This, of course, is mere conjecture on the part of the author; but that he has, at least, probability on his side, may be inferred from the extraordinary outlay attending the Scottish expeditions, as proved by the following extracts from the Wardrobe Accounts—exhibiting the Revenue and Expenditure of Edward for the year 1300, and including the disbursements occasioned by the invasion of Scotland during that year:—
| Total amount of receipts, p. Exchequer, for this present 28. year of Edward I. — | L.49,048 19 10 |
| Fines levied, and proceeds of stores, horses, &c. sold | 9,106 16 2½ |
| Per fo. 15. | L.58,155 16 0½ |
| Charges on Scottish War. |
| For royal garrisons and castles in Scotland, fo. 154. | L.18,638 1 8 |
| ... replacing horses killed or destroyed in King’s service, belonging to knights, and officers, and gratification to messengers, servants, &c. fo. 187. | 4,386 4 5 |
| ... annual fees to knights of King’s household, wages of bannerets and simple knights, &c. fo. 210. | 3,077 19 0 |
| ... wages of engineers, archers, sergeants-at-arms of King’s household, esquires, &c. fo. ix. Observ. on W. A. | 1,038 10 7 |
| ... wages of foot-soldiers, crossbow-men, archers, artificers and workmen, fo. 270. | 4,446 9 11½ |
| ... wages of seamen belonging to the fleet of the Cinque Ports and other towns, employed in the King’s service, fo. 279. | 1,233 9 8 |
| Amount of charges for the year | L.32,820 15 3½ |
* * * * *
| Separate Disbursements. |
| Alms and charitable donations of the King and his family, fo. 47. | L.1,166 14 6 |
| Necessaries for the King’s household, travelling expenses, ambassadors, messengers to Court of Rome, wages of King’s servants not on the Marshall’s roll, &c. (Observ. on W. A. fo. viii.) | 3,338 19 3 |
| Expenses of messengers and others, despatched on King’s business, fo. 303. | 87 11 1 |
| Falconers, huntsmen, &c. fo. 309 | 77 6 11½ |
| Allowance to bannerets, knights, clerks, and other servants of the King’s household for their winter and summer robes, fo. 331. | 714 3 4 |
| Expenses of sundry furnishings for the Royal household, including separate expenses of the Queen and her household, amounting to L.3668, 2s. 9d., and Chancellor’s fee, amounting to L.581, 9s. 9d. fo. 360. | 15,575 18 5½ |
| “The account then states the payments contained in this book to amount to | L.53,178 15 0 |
| “To which are added the expenses of the household contained in a separate account, amounting to | L.10,969 16 0½ |
| And “the whole of the national expenditure, within this department, during one entire year,” is stated at | L.64,105 0 5 |
| It is added, “The account is corrected and approved by the comptroller in every page; but the balance is not struck. If we take, however, the sum told of the money received, which amounted to | L.58,155 16 2 |
| And deduct it from the money paid, we shall find a balance due to the accountant, amounting to | 5,949 4 3 ” |
On data furnished by the ascertained difference in the value of silver in 1300, which is stated to be “thrice as much” as it was in 1700, and the comparative value of certain provisions, estimated, as being in 1300, “five times as cheap” as in 1700. Bishop Fleetwood “makes the difference of the value of a shilling between the two periods to be fifteen;” and it is added, “supposing this calculation to be well-founded, computations might be made, so as to form a judgment of the difference between the latter of those periods and the present time.”—(Vide p. xii. Observations on Wardrobe Account, 1787.)

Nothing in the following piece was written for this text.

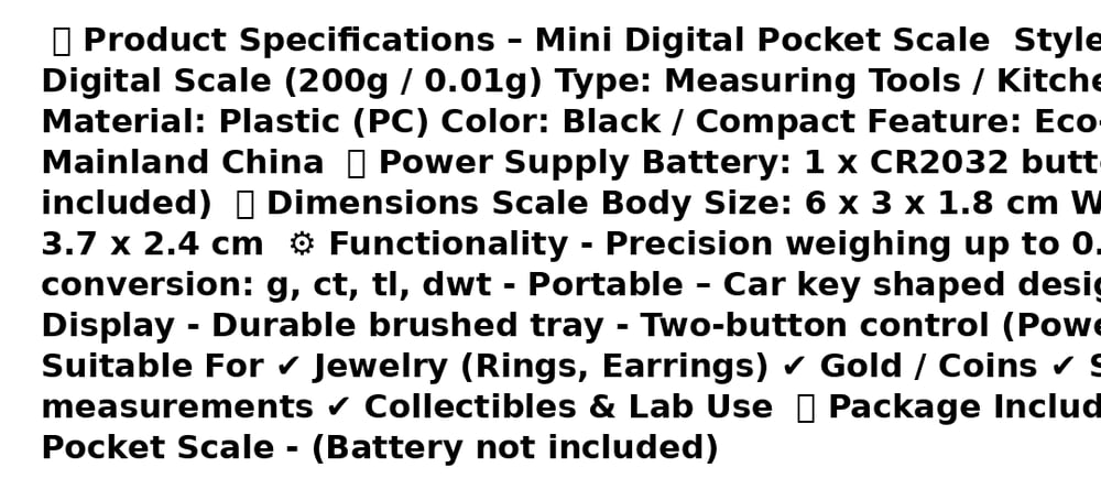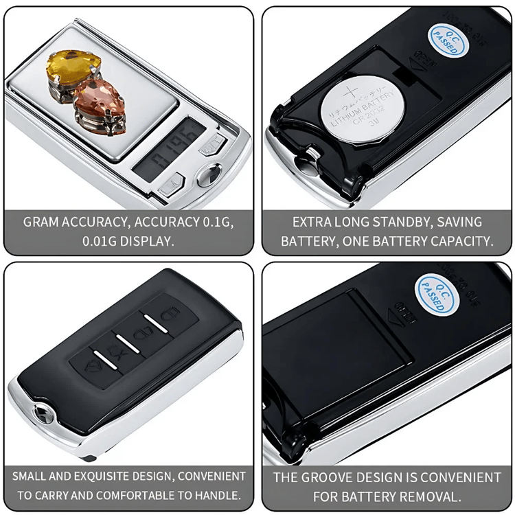 This ultra-compact digital pocket scale offers precise measurements up to 0.01g, ideal for weighing jewelry, gold, coins, or kitchen ingredients. Shaped like a car key and powered by a CR2032 battery, itβs portable, stylish, and reliable β perfect for everyday use at home or on the go.
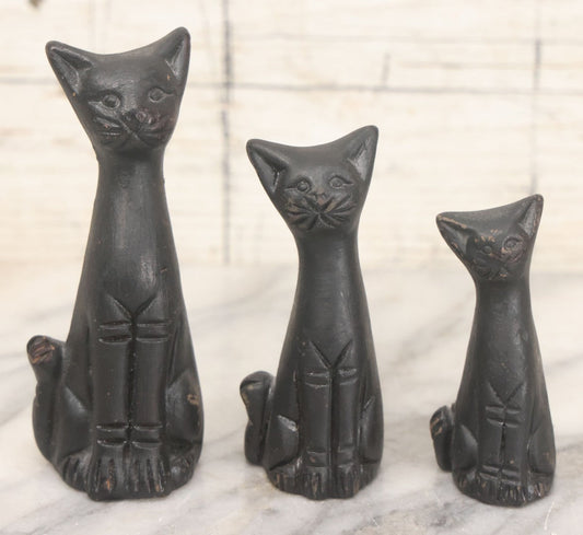 Lot 067 - Vintage Mid Century Three Piece Ceramic Black Cat Tchotchke Grouping

An estimate of the expense of the Scottish war, according to this mode of computation, would therefore present the following result, for (1700) the period alluded to by Bishop Fleetwood:—
| Charges on Scottish war for 1300 | L.32,820 15 3½ |
| For difference in the weight of silver | 3 |
| L.98,462 5 10½ |
| For the variation in the value of money | 5 |
| | L.492,311 9 4½ |
being an increase of the sum of 32,820l. 15s. 3½d. of the year 1300, to 492,311l. 9s. 4½d., or nearly one-eighth of 3,895,205l., the revenue of the kingdom in the reign of William III., according to Sir John Sinclair:—while, from a statement by the same respectable authority, the whole revenue of the kingdom under Edward I. is estimated at 150,000l; the disbursements for the Scottish war will therefore be found to exceed, within one department of the national expenditure, one-fifth of the national income.